** MATERIAL SHOWN **
━━━━━━━━━━━━━━━━━━━━
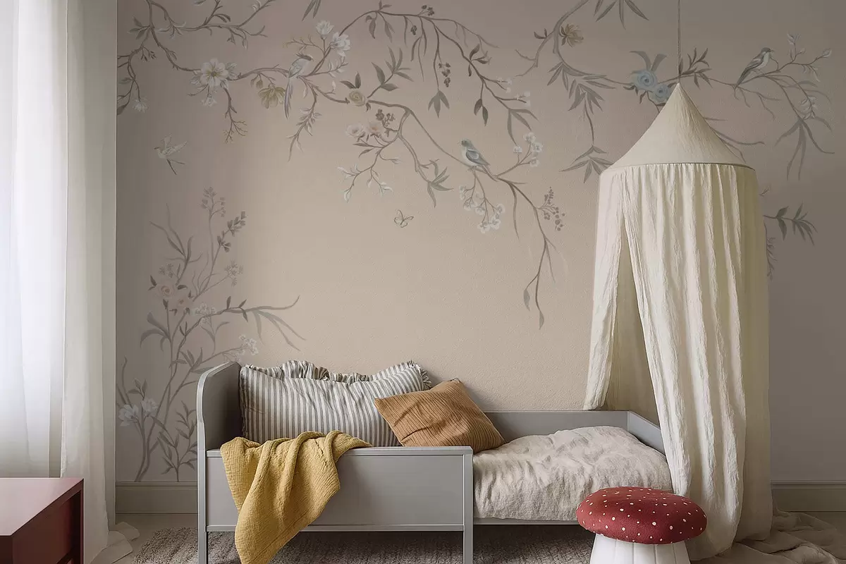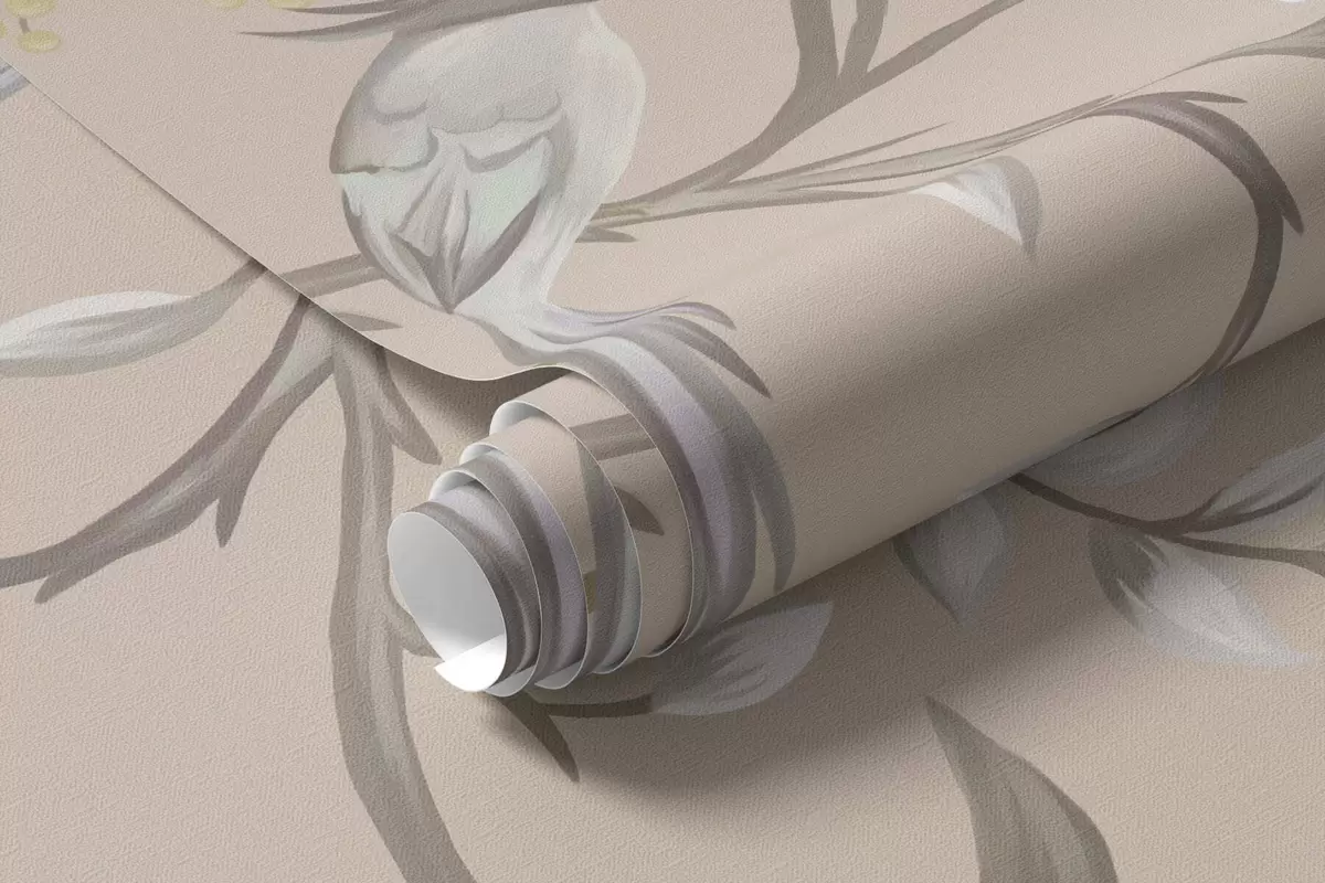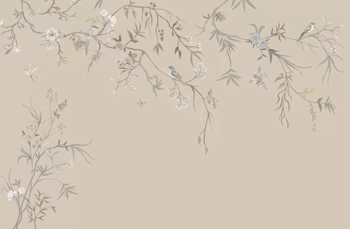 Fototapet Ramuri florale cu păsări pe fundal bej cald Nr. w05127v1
━━━━━━━━━━━━━━━━━━━━
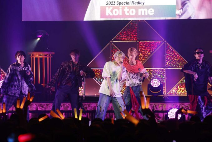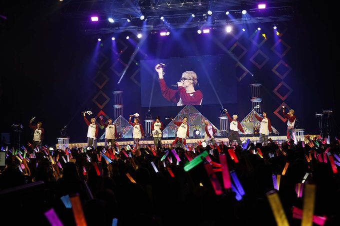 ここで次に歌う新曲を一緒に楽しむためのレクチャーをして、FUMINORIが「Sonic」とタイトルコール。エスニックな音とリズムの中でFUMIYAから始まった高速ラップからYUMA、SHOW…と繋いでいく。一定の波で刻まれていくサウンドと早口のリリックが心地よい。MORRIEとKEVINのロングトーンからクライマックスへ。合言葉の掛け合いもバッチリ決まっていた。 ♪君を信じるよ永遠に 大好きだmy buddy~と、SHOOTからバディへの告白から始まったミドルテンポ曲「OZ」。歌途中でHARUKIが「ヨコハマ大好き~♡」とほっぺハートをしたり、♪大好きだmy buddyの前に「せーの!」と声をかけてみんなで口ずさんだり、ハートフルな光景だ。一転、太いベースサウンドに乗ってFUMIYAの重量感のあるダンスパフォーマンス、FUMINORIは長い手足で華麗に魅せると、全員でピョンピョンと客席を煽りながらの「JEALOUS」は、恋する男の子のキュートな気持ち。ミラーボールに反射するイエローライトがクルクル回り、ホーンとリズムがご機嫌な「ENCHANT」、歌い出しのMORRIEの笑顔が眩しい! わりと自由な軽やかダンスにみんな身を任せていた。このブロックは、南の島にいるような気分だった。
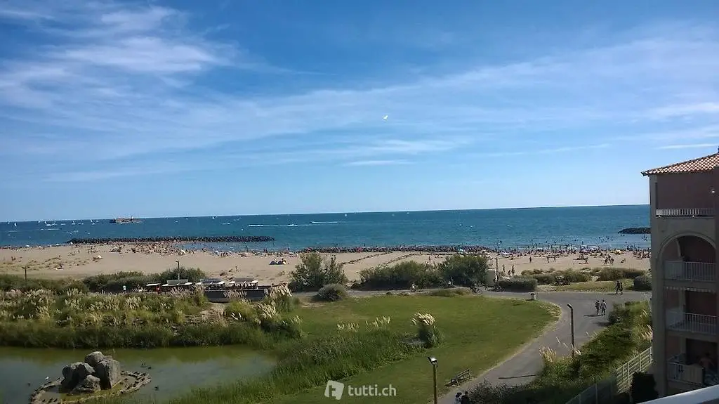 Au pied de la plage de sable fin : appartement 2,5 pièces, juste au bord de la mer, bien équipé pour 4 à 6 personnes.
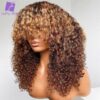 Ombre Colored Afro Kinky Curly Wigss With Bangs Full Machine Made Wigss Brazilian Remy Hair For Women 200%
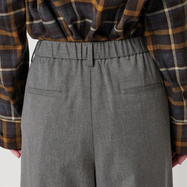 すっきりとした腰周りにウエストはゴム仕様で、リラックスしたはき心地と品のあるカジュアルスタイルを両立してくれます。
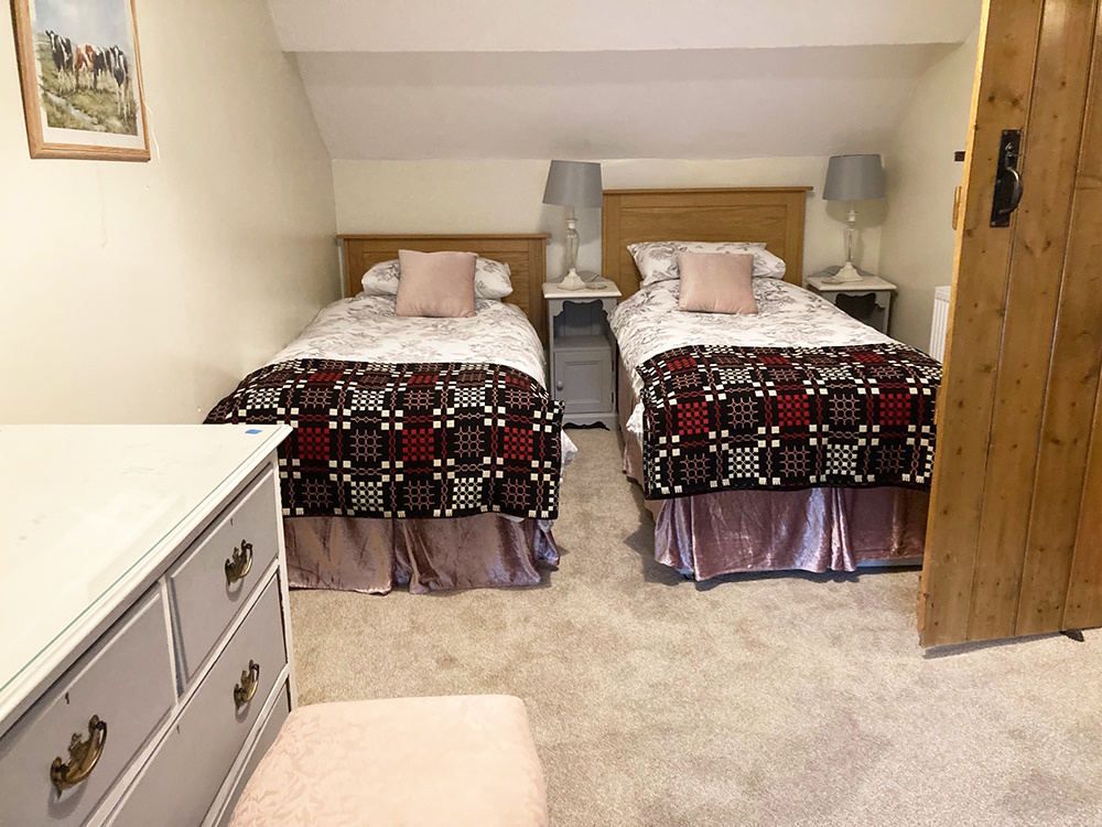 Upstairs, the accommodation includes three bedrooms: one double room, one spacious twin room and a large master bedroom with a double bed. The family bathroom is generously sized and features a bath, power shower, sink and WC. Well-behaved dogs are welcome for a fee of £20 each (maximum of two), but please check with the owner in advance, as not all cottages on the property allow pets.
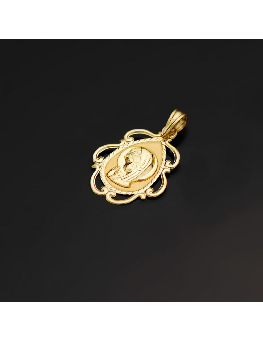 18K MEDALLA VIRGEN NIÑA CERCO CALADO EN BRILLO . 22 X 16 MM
━━━━━━━━━━━━━━━━━━━━
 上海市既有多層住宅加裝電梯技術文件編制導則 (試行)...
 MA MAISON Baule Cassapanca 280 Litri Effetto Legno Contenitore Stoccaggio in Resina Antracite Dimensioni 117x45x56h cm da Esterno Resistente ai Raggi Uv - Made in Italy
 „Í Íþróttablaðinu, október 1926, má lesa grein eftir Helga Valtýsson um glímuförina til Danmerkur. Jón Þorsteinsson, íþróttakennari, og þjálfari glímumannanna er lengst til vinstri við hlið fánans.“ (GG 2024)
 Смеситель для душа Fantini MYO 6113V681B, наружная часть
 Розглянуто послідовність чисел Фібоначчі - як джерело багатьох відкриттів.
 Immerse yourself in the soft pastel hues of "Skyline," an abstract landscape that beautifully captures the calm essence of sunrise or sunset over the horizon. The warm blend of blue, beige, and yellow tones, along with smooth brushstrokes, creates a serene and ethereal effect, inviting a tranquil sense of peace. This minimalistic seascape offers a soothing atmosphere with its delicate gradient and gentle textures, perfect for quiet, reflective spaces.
━━━━━━━━━━━━━━━━━━━━
** WHAT YOU SHOULD DO **
Your answer must be the lines above from the one holding "Au pied de la" up to and including the one holding "18K MEDALLA VIRGEN", exact and with no pictures.

** TASK RESULT **
 Au pied de la plage de sable fin : appartement 2,5 pièces, juste au bord de la mer, bien équipé pour 4 à 6 personnes.
 Ombre Colored Afro Kinky Curly Wigss With Bangs Full Machine Made Wigss Brazilian Remy Hair For Women 200%
 すっきりとした腰周りにウエストはゴム仕様で、リラックスしたはき心地と品のあるカジュアルスタイルを両立してくれます。
 Upstairs, the accommodation includes three bedrooms: one double room, one spacious twin room and a large master bedroom with a double bed. The family bathroom is generously sized and features a bath, power shower, sink and WC. Well-behaved dogs are welcome for a fee of £20 each (maximum of two), but please check with the owner in advance, as not all cottages on the property allow pets.
 18K MEDALLA VIRGEN NIÑA CERCO CALADO EN BRILLO . 22 X 16 MM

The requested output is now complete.